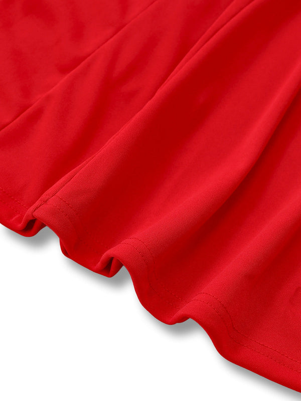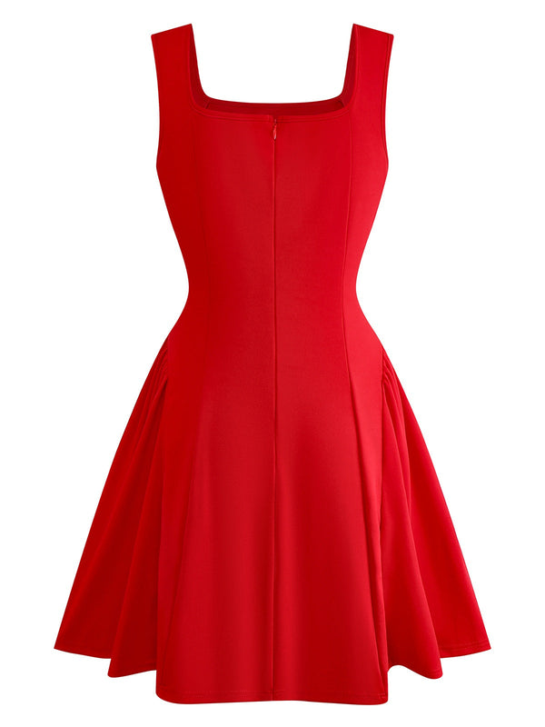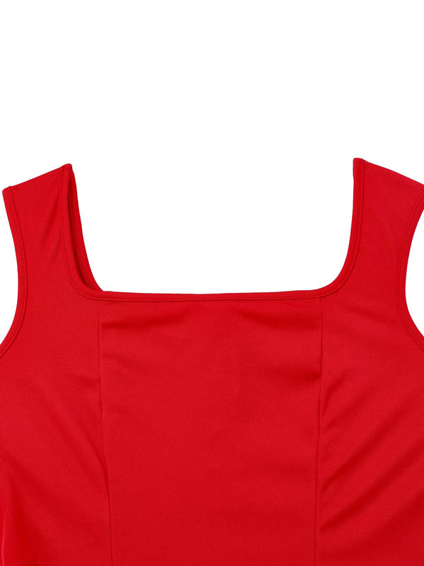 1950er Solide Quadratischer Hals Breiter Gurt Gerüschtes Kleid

_____

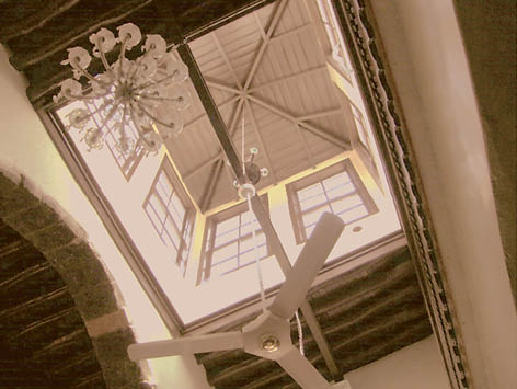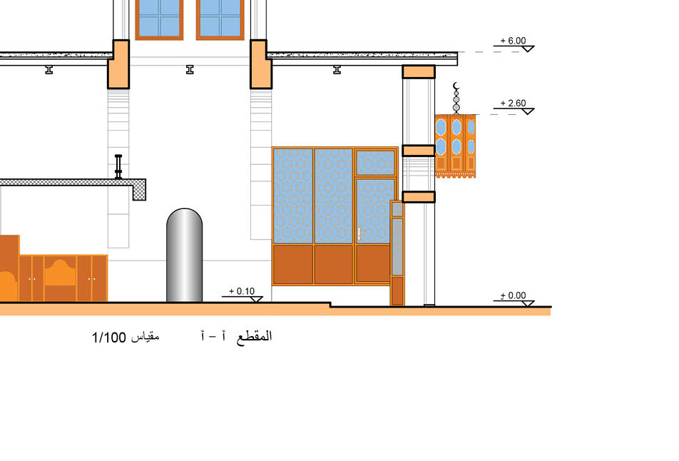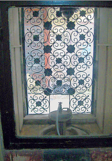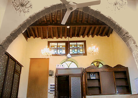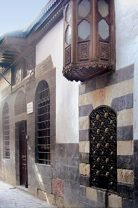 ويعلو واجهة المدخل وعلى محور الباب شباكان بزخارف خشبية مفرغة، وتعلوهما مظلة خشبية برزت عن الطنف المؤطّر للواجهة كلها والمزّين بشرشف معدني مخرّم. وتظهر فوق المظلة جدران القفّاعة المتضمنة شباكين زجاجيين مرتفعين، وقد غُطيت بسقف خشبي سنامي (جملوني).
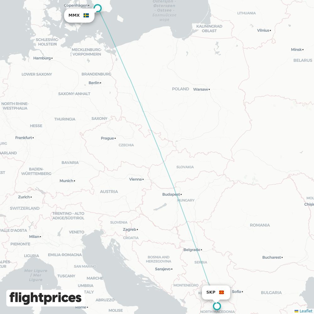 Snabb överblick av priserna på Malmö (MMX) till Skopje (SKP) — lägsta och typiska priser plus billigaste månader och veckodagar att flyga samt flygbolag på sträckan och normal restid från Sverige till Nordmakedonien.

_____

→ **What the task requires**: In the listing above, find the line containing "ويعلو واجهة المدخل" and the line containing "Snabb överblick av"; print those lines and every line between them exactly, leaving out pictures.

→ **Answer below**:
 ويعلو واجهة المدخل وعلى محور الباب شباكان بزخارف خشبية مفرغة، وتعلوهما مظلة خشبية برزت عن الطنف المؤطّر للواجهة كلها والمزّين بشرشف معدني مخرّم. وتظهر فوق المظلة جدران القفّاعة المتضمنة شباكين زجاجيين مرتفعين، وقد غُطيت بسقف خشبي سنامي (جملوني).
 Snabb överblick av priserna på Malmö (MMX) till Skopje (SKP) — lägsta och typiska priser plus billigaste månader och veckodagar att flyga samt flygbolag på sträckan och normal restid från Sverige till Nordmakedonien.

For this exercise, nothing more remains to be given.